▸ **GIVEN DATA**:
>>>
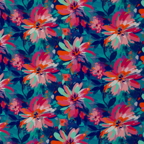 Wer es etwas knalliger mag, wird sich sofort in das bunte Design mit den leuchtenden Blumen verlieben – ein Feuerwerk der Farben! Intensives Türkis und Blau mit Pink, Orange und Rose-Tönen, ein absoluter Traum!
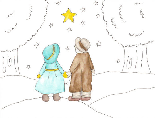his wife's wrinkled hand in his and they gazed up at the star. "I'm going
<<<
>>>
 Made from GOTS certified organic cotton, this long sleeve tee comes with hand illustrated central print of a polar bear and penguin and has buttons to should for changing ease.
<<<
>>>
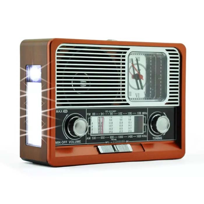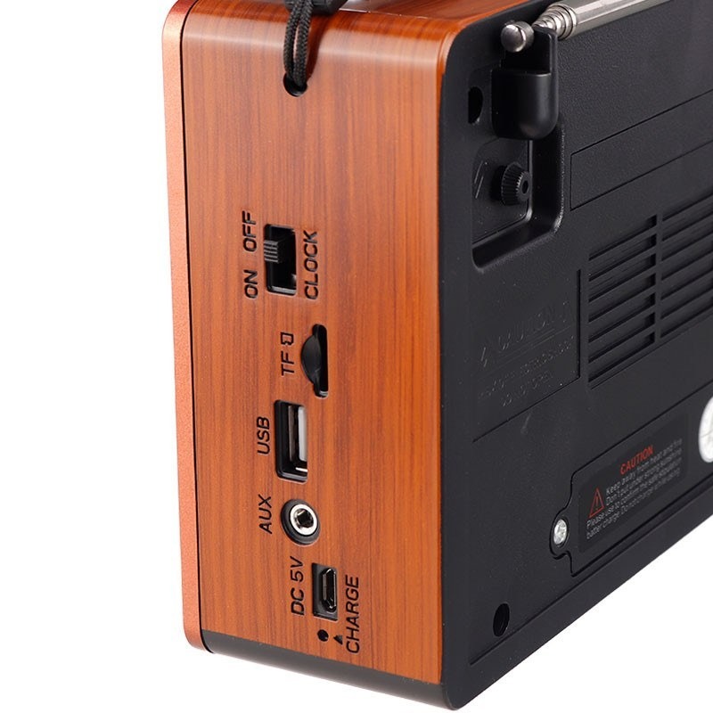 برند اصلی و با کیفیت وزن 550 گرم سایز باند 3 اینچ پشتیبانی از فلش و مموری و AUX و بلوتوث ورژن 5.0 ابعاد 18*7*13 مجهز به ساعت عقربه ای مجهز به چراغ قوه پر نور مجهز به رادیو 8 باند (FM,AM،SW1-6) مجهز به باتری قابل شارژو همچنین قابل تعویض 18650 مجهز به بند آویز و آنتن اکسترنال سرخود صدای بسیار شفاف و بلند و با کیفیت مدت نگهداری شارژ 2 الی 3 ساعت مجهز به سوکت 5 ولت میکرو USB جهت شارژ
<<<
▸ **WHAT THIS TASK INVOLVES**: Set down exactly the lines above, from the line containing "Wer es etwas" through the line containing "his wife's wrinkled". Skip the pictures.

▸ **RESULT OF THIS EXERCISE**:
 Wer es etwas knalliger mag, wird sich sofort in das bunte Design mit den leuchtenden Blumen verlieben – ein Feuerwerk der Farben! Intensives Türkis und Blau mit Pink, Orange und Rose-Tönen, ein absoluter Traum!
his wife's wrinkled hand in his and they gazed up at the star. "I'm going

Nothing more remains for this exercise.